Northman (; fl. 994) was a late 10th-century English ealdorman (or earl), with a territorial base in Northumbria north of the River Tees. He appears in two different strands of source. These are, namely, the textual tradition of Durham witnessed by Historia de Sancto Cuthberto and the Durham Liber Vitae, and an appearance in a witness list of a charter of King  Æthelred II dated to 994. The latter is Northman's only appearance south of the Humber, and came the year after Northumbria was attacked by Vikings.

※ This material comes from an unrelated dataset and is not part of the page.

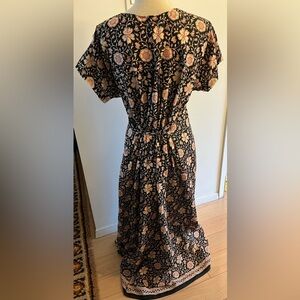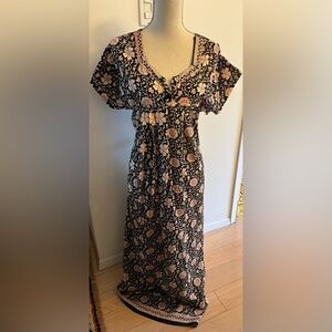 Vintage Indian cotton hand blocked floral boho maxi dress. V-neck and tie back.

Neither of these witnesses provide a patronymic nor an "earldom". There is a possibility therefore that the two Northmans are different characters, though they are generally thought to be the same. Almost nothing is known about Northman besides being an ealdorman in northern Northumbia, our ignorance extending to the identities of his parents and any children or spouses he may have had.

Durham Northman
The first witness comes from the historical traditions preserved in Durham, related in two connected sources. The former of these is the grant — one of three grants written into a blank leaf at the end of the original volume of the Durham Liber Vitae — ascribed to Earl Northman (the other two to Earl Ulfketil and Earl Thored). Northman's grant is in folio 33v, and is thought to date to the late 10th or early 11th century. It records that Northman gave Escomb (on the River Wear between Witton-le-Wear and Bishop Auckland) to the community of St Cuthbert.

This grant appears to have been used as a source for the Historia de Sancto Cuthberto ("History of St Cuthbert") § 31, which probably made use of several such charters when it was written. The text purports to record a "lease" by Bishop Aldhun, bishop of St Cuthbert (c. 990 – c. 1018), to three different earls:These are the lands which Bishop Aldhun [990–1018] and the whole congregation of St Cuthbert presented to these three, Earl Ethred, Earl Northman and Earl Uhtred: Gainford, Whorlton, Sledwich, Barforth, Startforth, Lartington, Marwood Green, Stainton, Streatlam, Cleatlam, Langton, Morton Tinmouth, Piercebridge, Bishop Auckland and West Auckland, Copeland, Weardseatle, Binchester, Cuthbertestun, Thickley, Escombe, Witton-le-Wear, Hunwick, Newton Cap, Helme Park. Whoever seizes from St Cuthbert any part of these, may he perish on the Day of Judgment. Weardseatle and Cuthbertestun are unidentified, though the historian Ted South thought Weardseatle might be St Andrew Auckland. This list is in fact two blocks of estates, one centred on Gainford around the River Tees and the other around Bishop Auckland on the River Wear.

Wilton Northman
A Norþman dux, "Ealdorman Northmann", witnessed a charter dating to 994 by King Æthelred II ("the Unready"). The charter is a grant of 10 hides at Fovant, Wiltshire, to the church of St Mary, Wilton. He is one of seven ealdormen witnessing the charter, and appears sixth in order, ahead of one Wælðeof dux, probably Waltheof of Bamburgh.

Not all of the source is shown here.